=== Given information ===
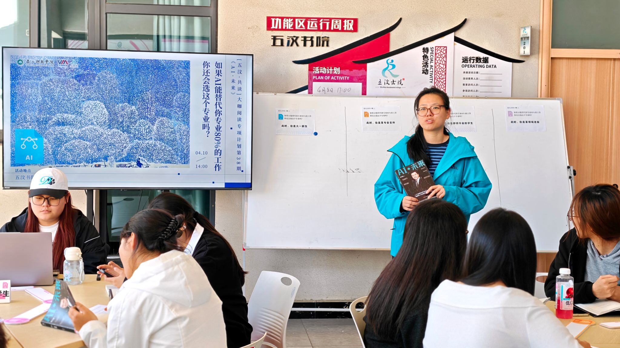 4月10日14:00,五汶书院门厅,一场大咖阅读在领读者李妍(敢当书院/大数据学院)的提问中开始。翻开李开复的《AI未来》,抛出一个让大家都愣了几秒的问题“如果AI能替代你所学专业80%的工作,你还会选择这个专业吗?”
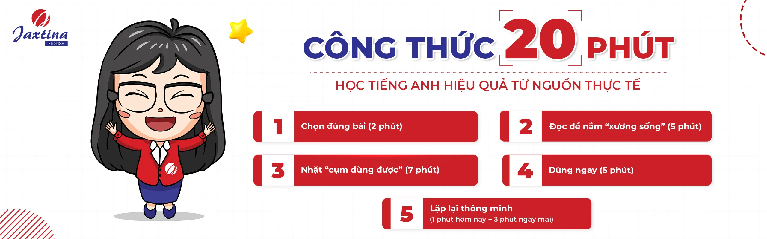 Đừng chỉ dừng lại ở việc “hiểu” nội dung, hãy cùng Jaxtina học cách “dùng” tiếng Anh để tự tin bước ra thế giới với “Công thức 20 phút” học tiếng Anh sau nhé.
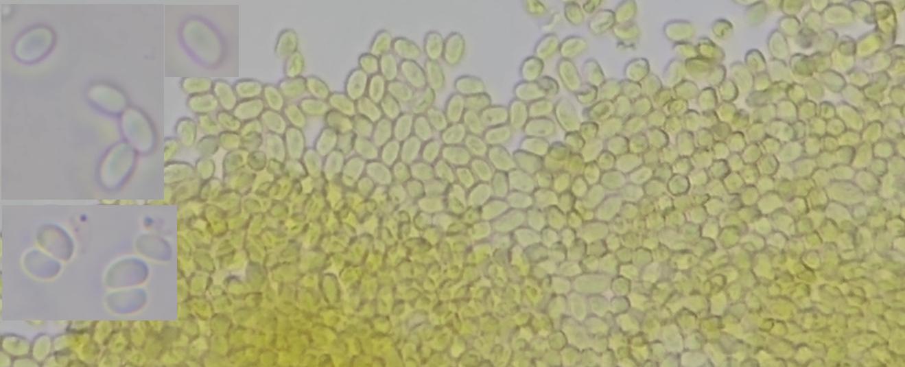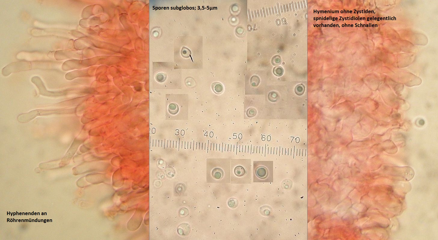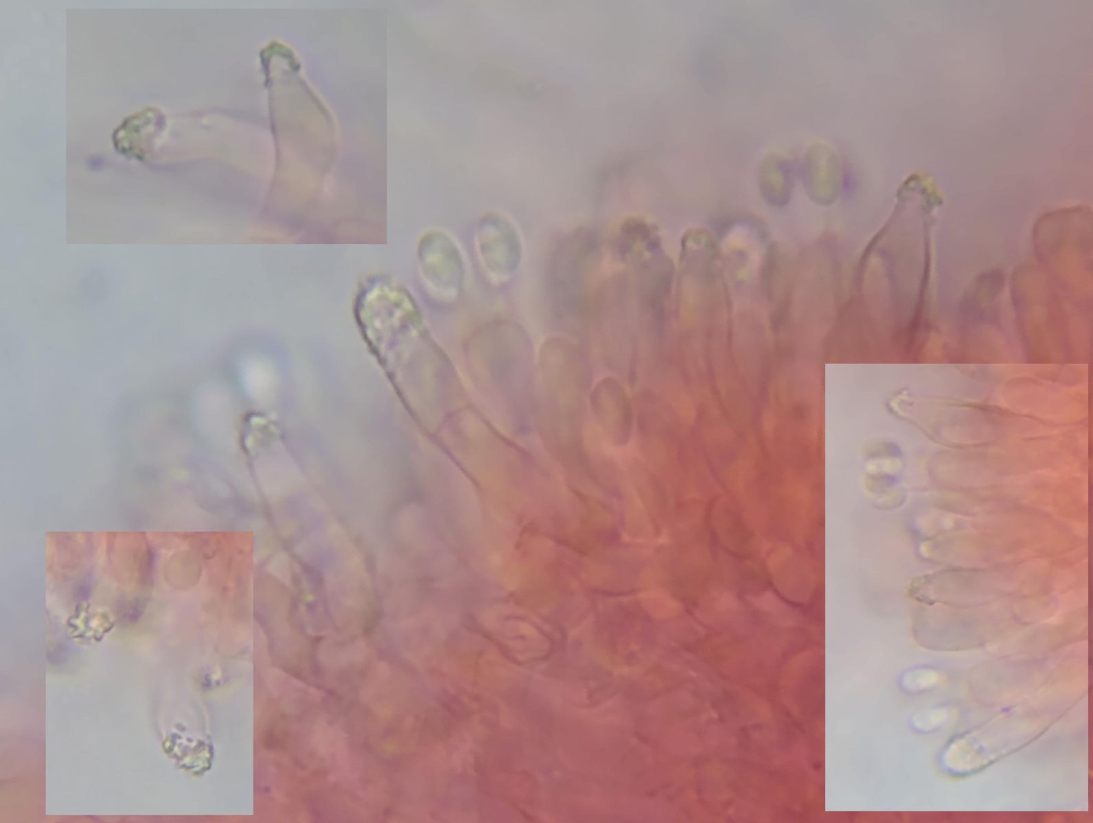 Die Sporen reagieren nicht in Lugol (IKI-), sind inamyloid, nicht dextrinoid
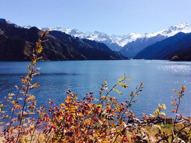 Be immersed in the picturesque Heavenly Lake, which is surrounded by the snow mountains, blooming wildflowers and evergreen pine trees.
===
=== Given information ===
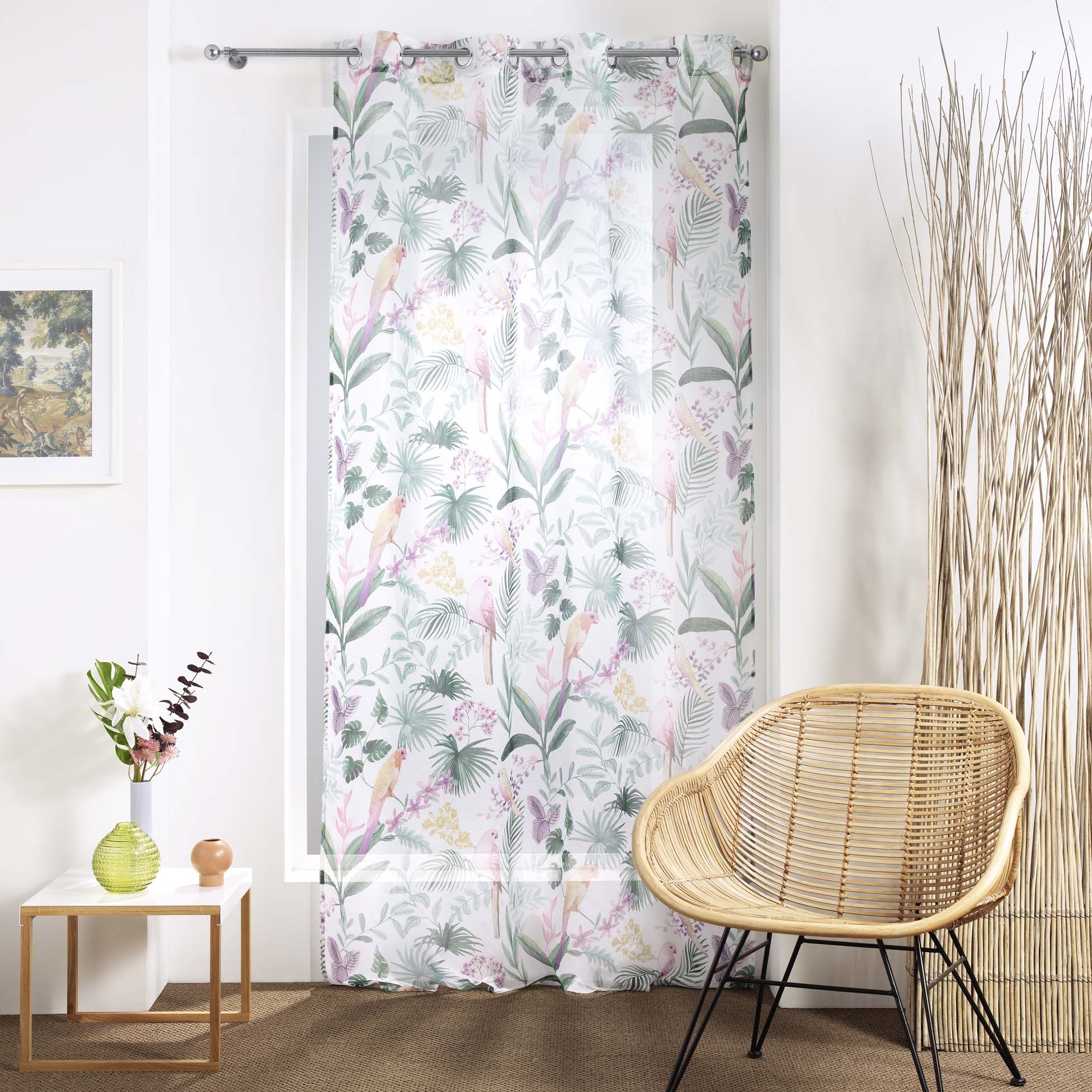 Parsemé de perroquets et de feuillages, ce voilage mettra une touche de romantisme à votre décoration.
===
=== Given information ===
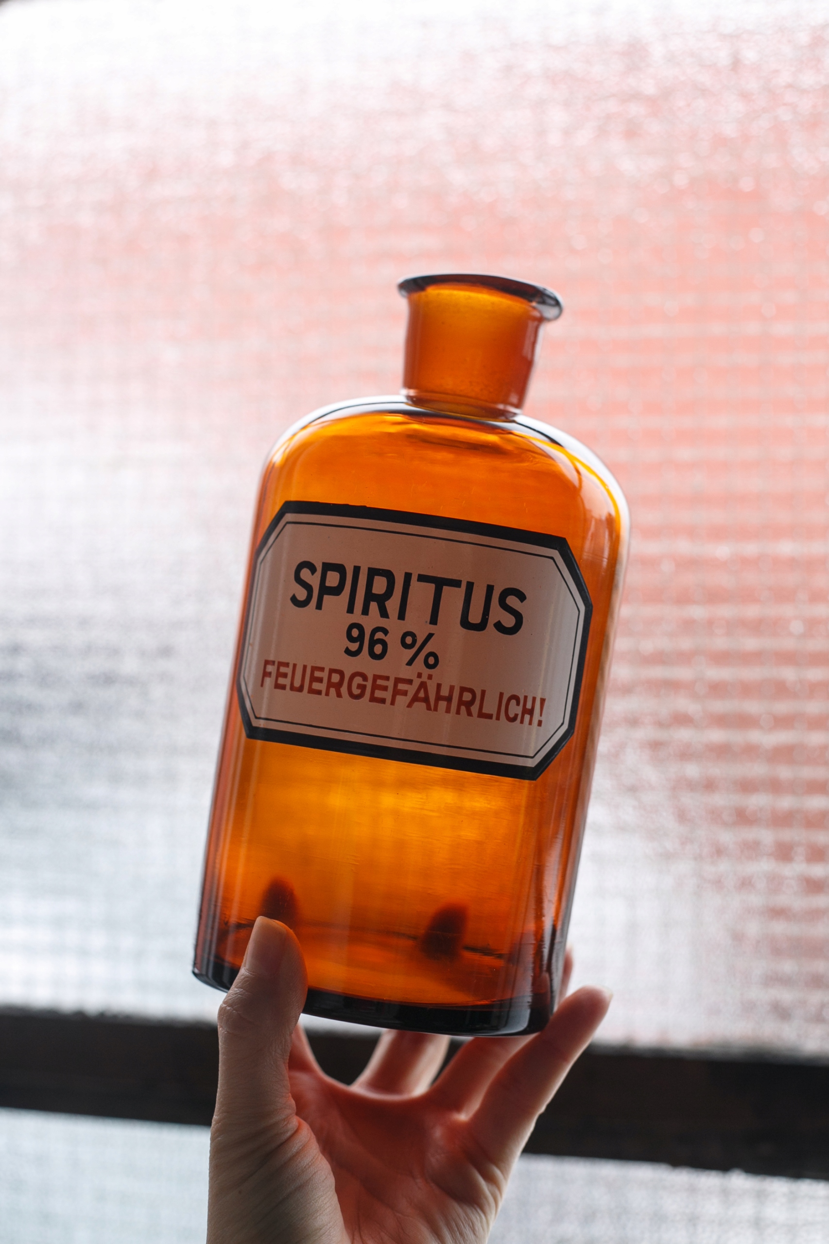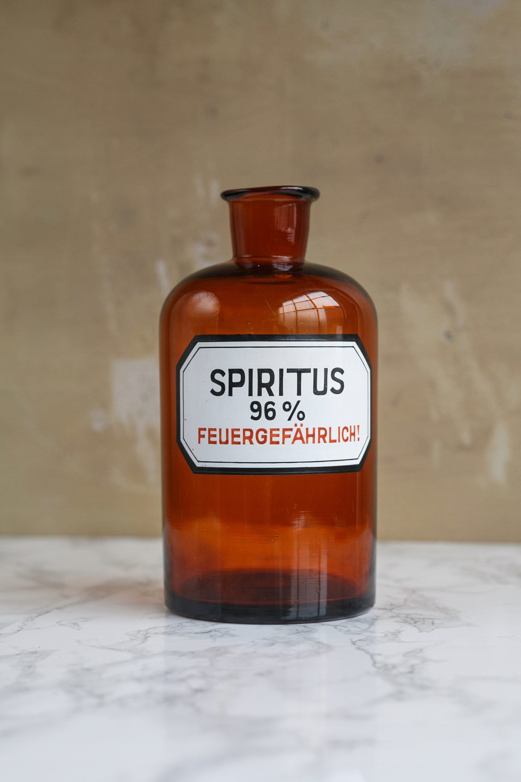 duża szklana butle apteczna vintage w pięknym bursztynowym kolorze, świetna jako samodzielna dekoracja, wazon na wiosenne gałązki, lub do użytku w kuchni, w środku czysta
===
Pictures excluded, give again exactly and only the lines of the material above from the line with "4月10日14:00,五汶书" through the line with "Die Sporen reagieren".

 4月10日14:00,五汶书院门厅,一场大咖阅读在领读者李妍(敢当书院/大数据学院)的提问中开始。翻开李开复的《AI未来》,抛出一个让大家都愣了几秒的问题“如果AI能替代你所学专业80%的工作,你还会选择这个专业吗?”
 Đừng chỉ dừng lại ở việc “hiểu” nội dung, hãy cùng Jaxtina học cách “dùng” tiếng Anh để tự tin bước ra thế giới với “Công thức 20 phút” học tiếng Anh sau nhé.
 Die Sporen reagieren nicht in Lugol (IKI-), sind inamyloid, nicht dextrinoid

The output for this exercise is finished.